Tradotto per i non addetti ai lavori: 20.000 euro evaporati. Soldi che avrebbero dato ossigeno ad attività produttive e commercianti. Quando i finanziamenti arrivano, i meriti si sprecano; quando si perdono clamorosamente, la colpa di chi è? La realtà è che i bandi non si vincono con la propaganda, ma guidando gli uffici. Restare fermi mentre gli altri comuni investono è una responsabilità politica che pesa su tutta la comunità.

𝐏𝐚𝐥𝐚𝐳𝐳𝐨 𝐝’𝐈𝐧𝐯𝐞𝐫𝐧𝐨 𝐞 “𝐓𝐮𝐭𝐭𝐢 𝐩𝐚𝐳𝐳𝐢 𝐩𝐞𝐫… 𝐨 𝐜𝐨𝐧𝐭𝐫𝐨 𝐃𝐢𝐦𝐚𝐫𝐭𝐢𝐧𝐨”

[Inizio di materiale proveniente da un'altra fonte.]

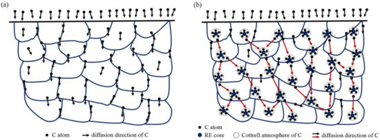 When solid solution RE atoms expand the lattice defects in the matrix, the distorted lattice region of the surrounding iron atoms becomes a trap for carbon atoms during carburization. Carbon atoms segregate into the voids of the distortion region [36], resulting in the formation of a nanoscale Cottrell atmosphere with the RE as the core carbon atom [2], as shown in Figure 16. Moreover, as shown in Figure 16a, carbon uniformly diffuses in the volume from the outside to the inside, in accordance with the concentration gradient in the austenite during conventional carburizing. The grain boundary diffusion was faster than that in the grains, and the finer the grain was, the faster was the diffusion rate. However, once the Cottrell atmosphere was formed during carburizing with RE ions, the diffusion mode changed from uniform diffusion to non-uniform diffusion [37]. As shown in Figure 16b, the Cottrell atmosphere also acted as an accelerator for diffusion [38]. First, the concentration of carbon atoms in the air mass was much higher than that in the matrix, resulting in a high concentration difference. Then, the larger the density of the air mass and the higher the average carbon concentration, the larger was the diffusion flux, such that the diffusion velocity and diffusion flux were significantly increased. Finally, the mechanism of carbon diffusion during RE carburization could be considered to be a result of jumping the short-circuit diffusion when the carbon atoms at the top of the last gas mass jumped to the next one. It could be concluded that the lattice damage and associated Cottrell atmosphere produced by the RE ion implantation changed the diffusion mode of the carbon atoms during the conventional carburizing processes and increased the diffusion coefficient of the carbon atoms.

In vista delle elezioni, il clima è surreale. Al Comune, la lista Fratelli d’Italia (alias “CambiaVerso”) sembra convinta di aver ereditato il Palazzo per diritto divino, trattandolo come una proprietà privata. Il Sindaco e i suoi fedelissimi seguaci, ormai saldamente incollati a poltrone che sembrano diventate ortopediche per quanto sono comode, si muovono tra le stanze del potere con la disinvoltura di chi pensa che lo sfratto non sia contemplato dal codice civile. Guai a chi tocca il giocattolo o disturba il manovratore mentre è impegnato a curare l’estetica del Palazzo, dimenticando che fuori le mura la realtà morde.

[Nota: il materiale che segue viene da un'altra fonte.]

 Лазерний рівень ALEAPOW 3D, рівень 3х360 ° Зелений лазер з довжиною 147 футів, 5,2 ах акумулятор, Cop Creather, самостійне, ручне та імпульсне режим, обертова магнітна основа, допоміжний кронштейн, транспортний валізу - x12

Dall’altra parte, il cantiere del nuovo campo largo è un’opera d’ingegneria politica dove convivono PD, DC, Forza Italia, Sinistra Italiana e perfino la Lega. Un’alleanza così eterogenea che sembra il cast di una radio nazionale: lo slogan ufficiale è infatti “Tutti pazzi per… o contro Dimartino”, proprio come la celebre trasmissione di RDS, ma senza la musica e con molte più poltrone in ballo. L’unico obiettivo? Abbattere chi, testardamente, crede di poter continuare a regnare da solo chiudendo gli occhi sulla realtà.

𝐂𝐨𝐧𝐜𝐥𝐮𝐬𝐢𝐨𝐧𝐞:
In questo editoriale, come nei precedenti, facciamo satira partendo da fatti reali. Spesso ci si offende, quasi mai si risponde nel merito, forse perché la verità scotta più delle fumarole che ammorbano l’aria. Ma d’altronde, come dice il saggio proverbio siciliano: “𝙈𝙚𝙣𝙩𝙧𝙞 𝙖 𝙘𝙖𝙨𝙖 𝙨𝙞 𝙨𝙥𝙞𝙙𝙪𝙜𝙜𝙝𝙞𝙖, 𝙖 𝙜𝙖𝙩𝙩𝙖 𝙨’𝙖𝙡𝙡𝙞𝙖”. Finché l’amministrazione continuerà a pettinarsi davanti allo specchio della propria narrazione, noi continueremo a raccontarvi i graffi della realtà.